CALIFORNIA

WOMEN RELIGIOUS WORLDWIDE WORK TO ADDRESS AFFORDABLE HOUSING, HOMELESSNESS

By Chris Herlinger, Catholic News Service     2/21/2020

LOS ANGELES (CNS) — Tommy Dunphy, a 37-year-old native of California’s San Gabriel Valley, is no stranger to the streets of Los Angeles’ Skid Row. 

He has known both homelessness and the perils of jail, having spent time in and out of prison for two decades for drug-related charges.

But Dunphy has been doing his best to live a “clean” life, keeping various addiction and mental health challenges at bay and managing his HIV. Taking care of Arianna, his beloved dog of two and a half years, is a cornerstone in his life. So is his low-rent, government-subsidized apartment in the Gateway apartment complex on Skid Row.

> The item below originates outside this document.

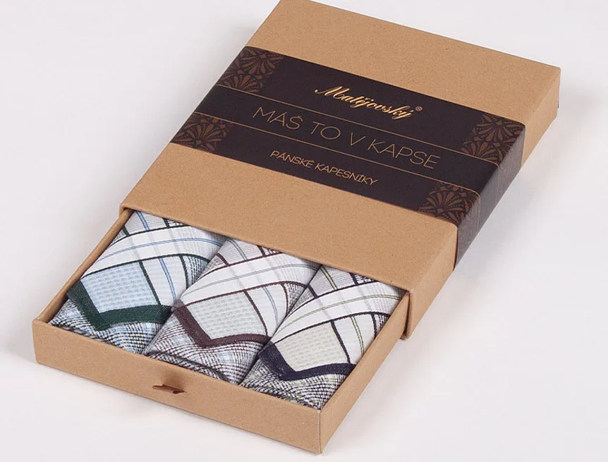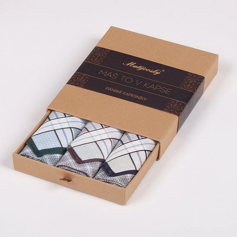 Elegance dotažená do posledního detailu. Tradiční bavlněný kapesník je nejen praktickým pomocníkem v celé řadě každodenních okamžiků, ale také symbolem elegance a vytříbeného stylu. Sada tří barevně sladěných látkových kapesníků, které vynikají hebkostí a savostí, se i díky originálnímu balení stane ideálním dárkem pro moderního gentlemana.

Another godsend is his long-standing friendship with Sister Margaret Farrell, a member of the Religious Sisters of Charity, who is spiritual ministry coordinator at Covenant House California in Los Angeles and a frequent visitor to Skid Row.

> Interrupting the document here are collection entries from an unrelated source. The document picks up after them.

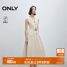 ONLY2025夏季新款利落V领精致琥珀纹扣收腰无袖中长裙连衣裙女
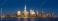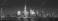 • Panoramic view of New York City Lower Manhattan skyline at dusk with the Hudson River. Illuminated skyscrapers of the Financial District and World Trade Center
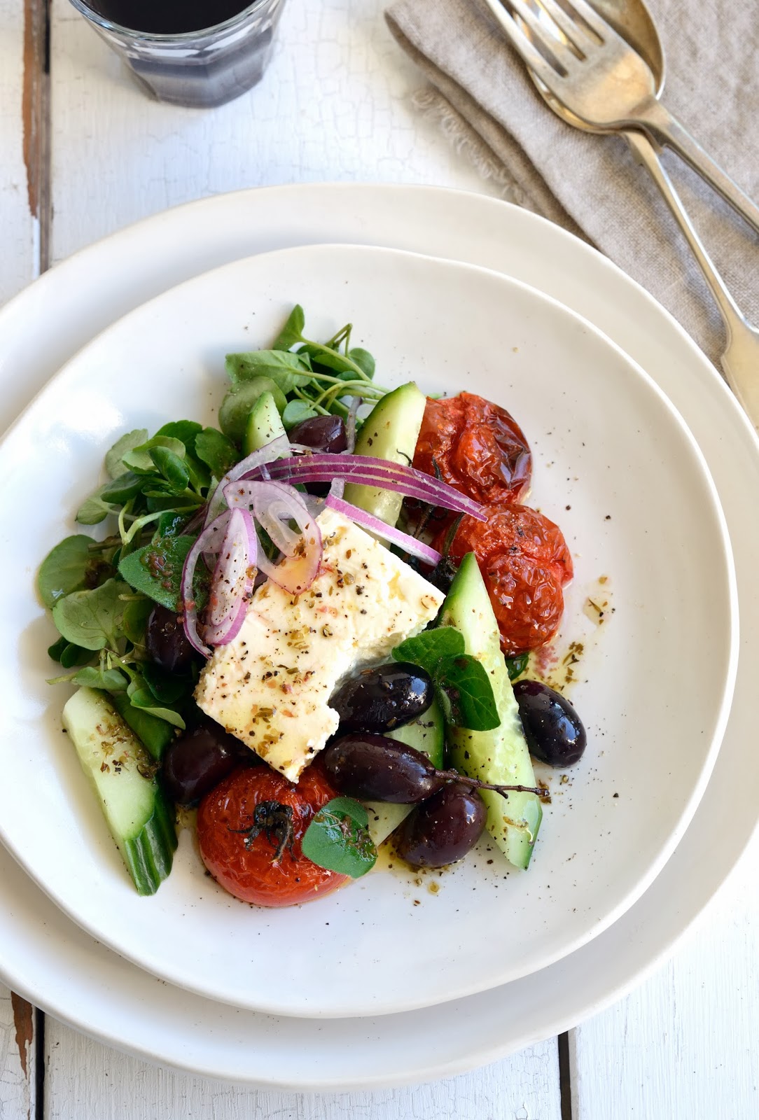 Preheat oven to 150ËšC (300ËšF) and combine oil, salt, pepper, sugar and balsamic vinegar in a small jug. Whisk to combine. Line an oven dish with baking paper and position tomatoes reasonably snugly into it. Pour oil mixture over tomatoes and cook for 50-60 minutes until slightly shrivelled and bursting with flavour. Put red onion slices in a cup of iced water for half an hour to crisp up and slightly reduce its sharpness. Halve cucumbers lengthwise and scoop out the seeds with the tip of a teaspoon. Slice into 3cm diagonals. Gently layer watercress, cucumber, tomatoes, feta (roughly crumbled into large chunks), onion, olive, mint and oregano onto a large platter. Shake dressing ingredients together in a small jar to combine. Pour over salad five minutes before serving and finish with a last good grinding of black pepper. Serves 6-8.

As many as 60,000 people may be living on the streets at night in Los Angeles. In what is perhaps the most potent and visible symbol of homelessness in the nation’s second-largest city, hundreds of people live in tents on Skid Row — a risky and often dangerous life, exposing them to crime, drugs and prostitution.

The linked problems of homelessness and the lack of affordable housing are drawing urgent attention at the moment, though it is nothing new to women religious, like Sister Farrell, who have championed the cause of shelter and housing in their ministries. Hundreds, if not thousands, of sisters are working in such ministries globally.

At the core of that ministry is a moral imperative grounded in the Gospel and the belief that having a home affords human dignity.

“No one should be living in the street, or in a car, or bouncing around from one relative’s couch to another,” Mercy Sister Helen Amos, a longtime housing and homelessness activist in Baltimore, told Global Sisters Report.

Dunphy says the ability to live in a safe, quiet apartment is the key to his success in the past three years.

No more prison, he said. “I’m done doing time.”